Intuition(Why most chemotherapy depends on functional apoptosis)
Classic cytotoxic chemotherapy — platinum compounds, taxanes, anthracyclines — kills cancer cells primarily by inducing enough DNA damage or mitotic disruption to trigger apoptosis. Tumors with disabled apoptotic machinery (BCL-2 overexpression, p53 loss, caspase mutations) are frequently resistant to these agents. The drug causes damage; the cell just doesn't die from it. This is one of the root causes of chemotherapy resistance.
Other forms of programmed death
Apoptosis gets most of the attention, but it's not the only cell death program cancer has to contend with:
Autophagy is a survival mechanism where the cell digests its own organelles and proteins for energy under nutrient stress. In cancer it plays a complex dual role — it can promote survival under hypoxia and nutrient deprivation (helping established tumors survive), but excessive autophagy can also lead to cell death. The relationship between autophagy and cancer is context-dependent and still being worked out.
Anoikis is apoptosis triggered by loss of attachment to the extracellular matrix. Normal epithelial cells require contact with their substrate to survive — if they detach, they die. Cancer cells that metastasize must evade anoikis to survive in circulation and colonize distant sites. This connects directly to hallmark #6 (invasion and metastasis).
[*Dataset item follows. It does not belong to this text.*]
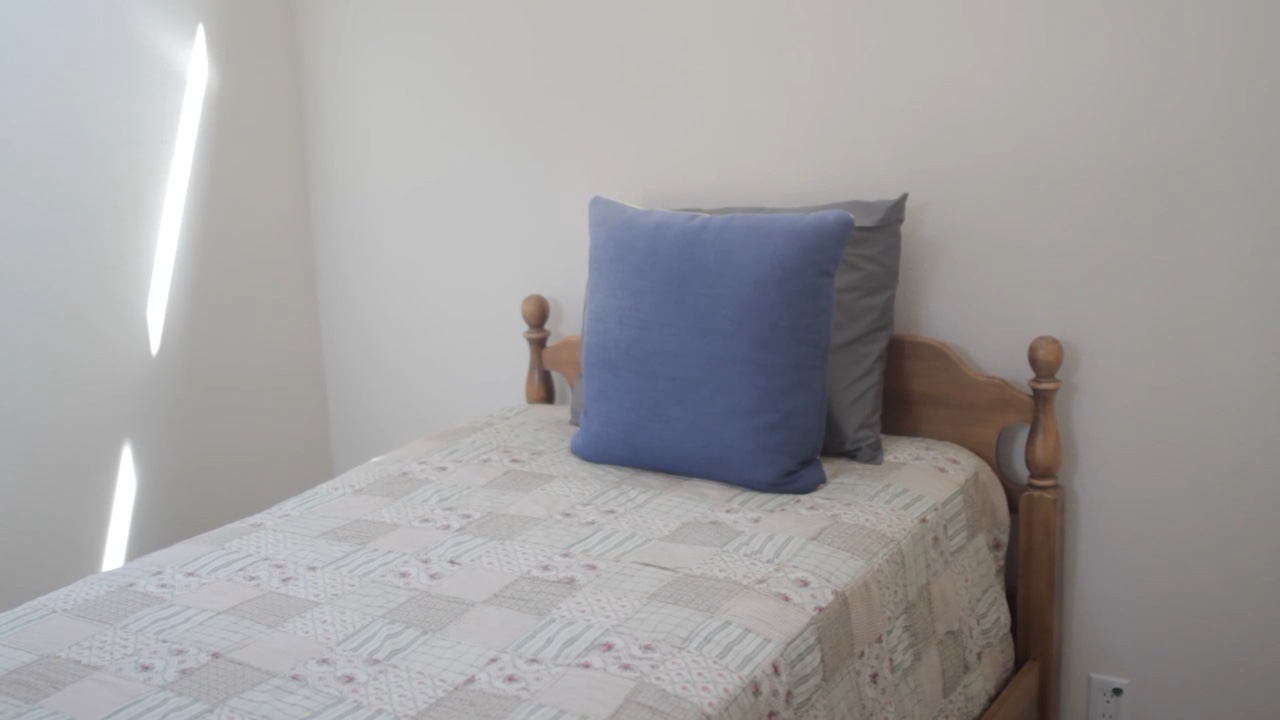 There is sufficient leeway left and you can conveniently adjust a work desk with a single chair too. The open kitchen is equipped with all the necessary appliances and more. The single kitchen counter has a smooth black granite top, a dual stainless steel sink, a 4 burner gas stove and oven combination and a neat arrangement of drawers and cabinets underneath, for extra storage.

Necroptosis is a form of programmed necrosis — inflammatory cell death mediated by RIPK3 and MLKL. Some evidence suggests tumors downregulate necroptosis machinery to avoid triggering immune responses that might attract immune surveillance.
Summary(Summary)
Hallmark #3 is about survival in the face of signals that should be lethal. Cancer resists apoptosis primarily by overexpressing anti-apoptotic BCL-2 family members (BCL-2, MCL-1), losing pro-apoptotic activators (BIM, PUMA), downregulating death receptors (Fas, DR4/DR5), and losing p53 — which drives apoptosis as well as cell cycle arrest. The clinical consequence is that tumors with robust apoptosis resistance are frequently resistant to conventional chemotherapy, since most cytotoxics kill through apoptosis induction. Therapies like venetoclax attempt to directly re-engage the pathway by blocking BCL-2, but resistance through pathway switching (MCL-1 upregulation) is common.